• Facebook
  • Twitter
  • LinkedIn
  • Pinterest

Amanda Cross, Crosswise Consulting

So I’ve finally made the transition from full-time employee to self-employed consultant.

It’s a transition I’ve been thinking about making for just about as long as I’ve been a full-time employee. I can remember dreaming about being a content strategy consultant back in 2001. I’m not even sure the term “content strategy” existed back in 2001—I certainly didn’t know it if it did. It was lack of knowledge like that kept me from actually pursuing that dream.

From then on, a few times a year the idea of striking off on my own would pop into my head. It was a romantic notion: jet-setting around, looking fabulous in high-power suits, getting to know interesting people and solve compelling problems with solutions that made a real difference in people’s lives. But there was always some reason not to: I didn’t have enough experience, I didn’t have a big enough network, I needed to finish my MBA…something was always lacking. And then, earlier this year, the notion popped into my head again, and I could no longer think of any reasons not to go for it.

Well, so far it hasn’t exactly been jet-setting and high fashion, but I’ve loved it anyway.

I am one of those personality types that simply must be self-employed. I love collaborating, but I resent taking orders. For over 10 years I’ve gotten by in the corporate world by volunteering for work rather than having it mandated. It might not seem like much of a difference to you. Maybe it’s not any different, in a rational sense, but mine was not a rational resentment.

  • Facebook
  • Twitter
  • LinkedIn
  • Pinterest

Most people can’t get their minds around something large and abstract. You have to give them small, well-defined concepts.
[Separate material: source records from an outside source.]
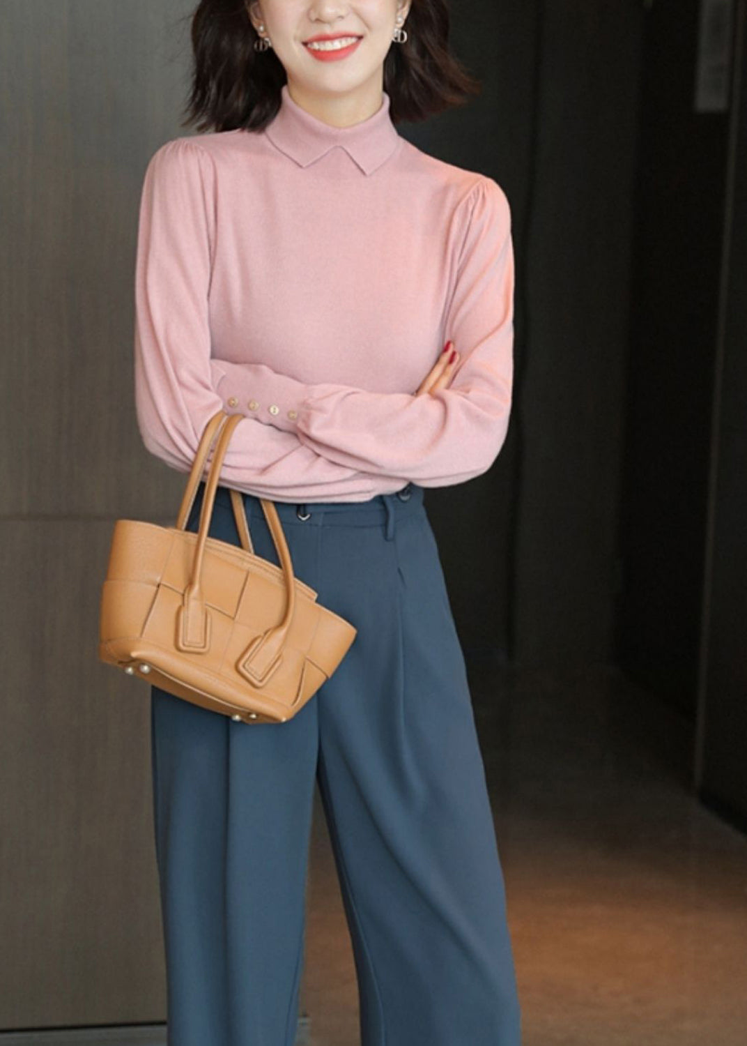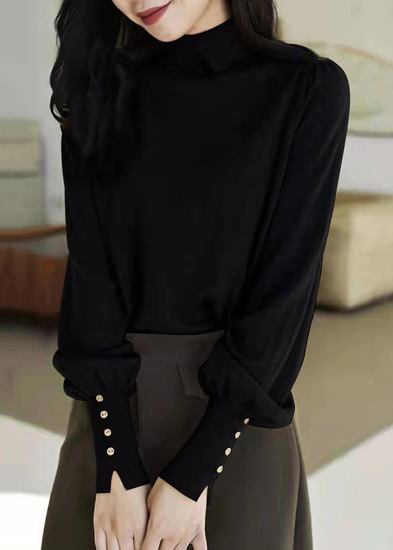French Grey Peter Pan Collar Patchwork Woolen Knitted Tops Lantern Sleeve
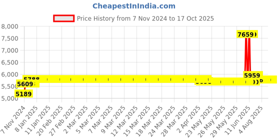 The current price is ₹5,769, which is ₹580 (11.2%) higher than the best price of ₹5,189 last seen on 7 Nov 2024. Over the 343 day price history period, prices have ranged from ₹5,189 to ₹7,659, with an average of ₹5,787. The pricing has been quite stable with low volatility, but the overall trend is concerning as prices are getting more expensive. In terms of recent activity, there have been 0 price changes this week, 0 this month, and 155 over the past year. If you need this product now, it's a reasonable time to buy as prices are stable, but you might want to monitor for potential better deals.
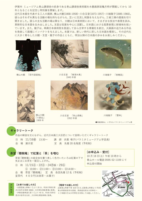 伊賀市 ミュージアム青山讃頌舎 開館10周年記念特別展 「大観 玉堂 龍子 近代日本画三大巨匠」
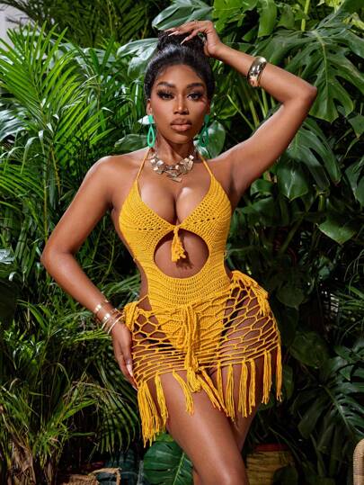 BamGleam 女士纯色简约日常针织连体裤和镂空裙套装 - 黃色 - 查看 1
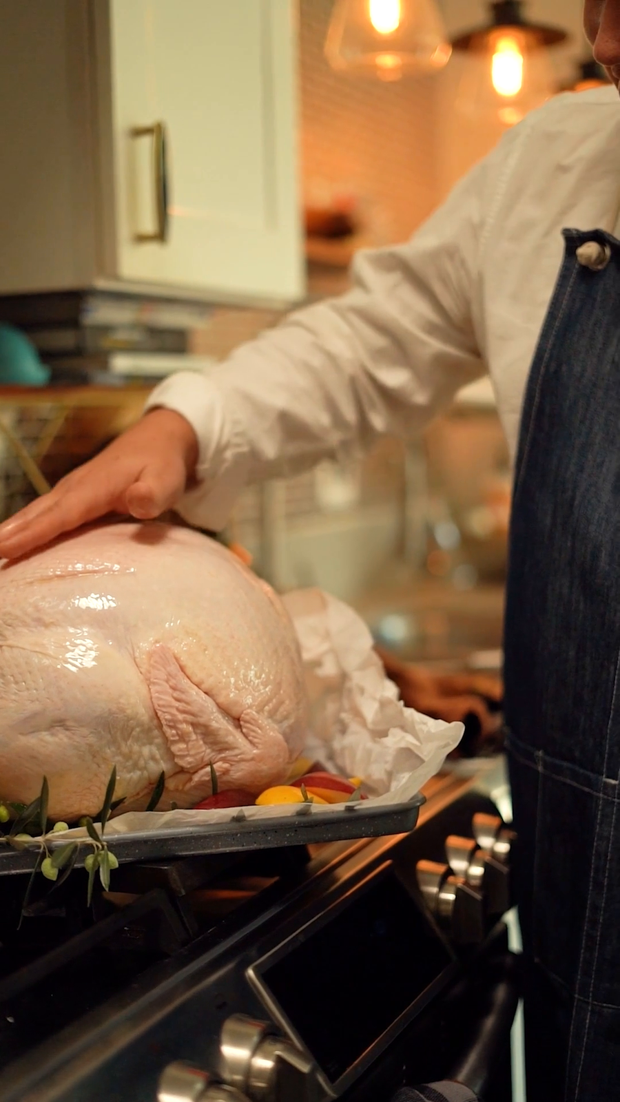 Krótki filmik przedstawia przygotowanie indyka do pieczenia. Po prawej stronie widoczna jest postać, która ma wyciągniętą prawą rękę, którą naciera leżącego na blaszce indyka. Indyk położony jest na warstwie owoców, pod którą znajduje się pergamin do pieczenia. W tle widoczne jest wnętrze kuchni z wyposażeniem.
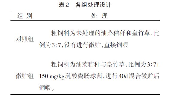 油菜秸稈在江西當(dāng)?shù)剡x購(gòu),皇竹草在高安市裕豐農(nóng)牧有限公司的種植基地種植。利用前期研究中得出的油菜秸稈與皇竹草4種適宜的混合微貯模式,采用包膜微貯方法制作混合微貯料。先將油菜秸稈和皇竹草分別進(jìn)行揉搓,然后按照表1將菜秸稈和皇竹草進(jìn)行混合,并添加乳酸糞腸球菌,打包,微貯40d。
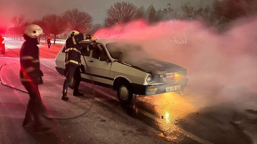 Nevşehir'de seyir halindeyken alev alan otomobil, itfaiye ekipleri tarafından söndürüldü.

As a consultant, though, I’m in a much better position because my work inherently requires collaboration. And though I’ll have clients who are making the calls on what work to do, the timbre of my relationship with a client is different than of a relationship with a boss. I feel like I’m helping a fellow professional, not just following orders.

My first struggle as a consultant was to communicate what I do. The scope of everything that was possible was so large and imbued with context that it took 15 minutes to walk someone down the path of describing the possibilities. Even the term that I’ve settled on now, “content strategy” is not inherently meaningful to people outside of the world of technical communication (and even to many people inside the world). I was resistant to getting too specific about the things I could do for fear of being pigeonholed into only those few things.
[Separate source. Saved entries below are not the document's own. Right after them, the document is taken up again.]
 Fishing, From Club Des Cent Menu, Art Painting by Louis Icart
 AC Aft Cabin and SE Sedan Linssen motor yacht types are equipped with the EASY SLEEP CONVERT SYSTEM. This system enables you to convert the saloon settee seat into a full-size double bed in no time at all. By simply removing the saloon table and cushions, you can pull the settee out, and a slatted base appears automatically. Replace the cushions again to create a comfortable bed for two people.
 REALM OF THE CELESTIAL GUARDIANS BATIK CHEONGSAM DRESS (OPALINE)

But I had to face facts: people can’t get their minds around something large and abstract. You have to give them small, well-defined concepts and trust those things to spark their imagination. So now my website starts with three benefits I can offer:

  • Improve the quality and reduce the cost of your content by streamlining processes.
  • Remove operational inefficiencies between departments, avoid confusion, and send a more consistent message to customers.
  • Employ cutting-edge technology that will make you central to the operations at you company, improve customer satisfaction, and establish yourself as a highly effective information manager.

I also go into some detail about successful past projects, such as an implementation of structured authoring for content reuse, the implementation of a customer feedback mechanism and the related workflows to incorporate the feedback, and the creation of automated components to an API documentation set.

So far I have really loved the life of a consultant.  It feels very natural to me to be getting out of bed in the morning to drive my own business rather than because the boss man says I need to be at my desk at a certain time. I love that I can approve my own expense reports and that my commute is the amount of time it takes to walk from my coffeemaker in the kitchen to my home office. I love that I spend my time keeping in contact with my network and figuring out ways to add real value to companies.

I think the biggest surprise so far has been that I’m actually busier than I was as a full-time employee. I complained about having too much to do when I worked in the office, but I didn’t know from busy then. Maybe things will settle down once I’m no longer in start up phase, but that is probably just wishful thinking. But that’s a good problem to have.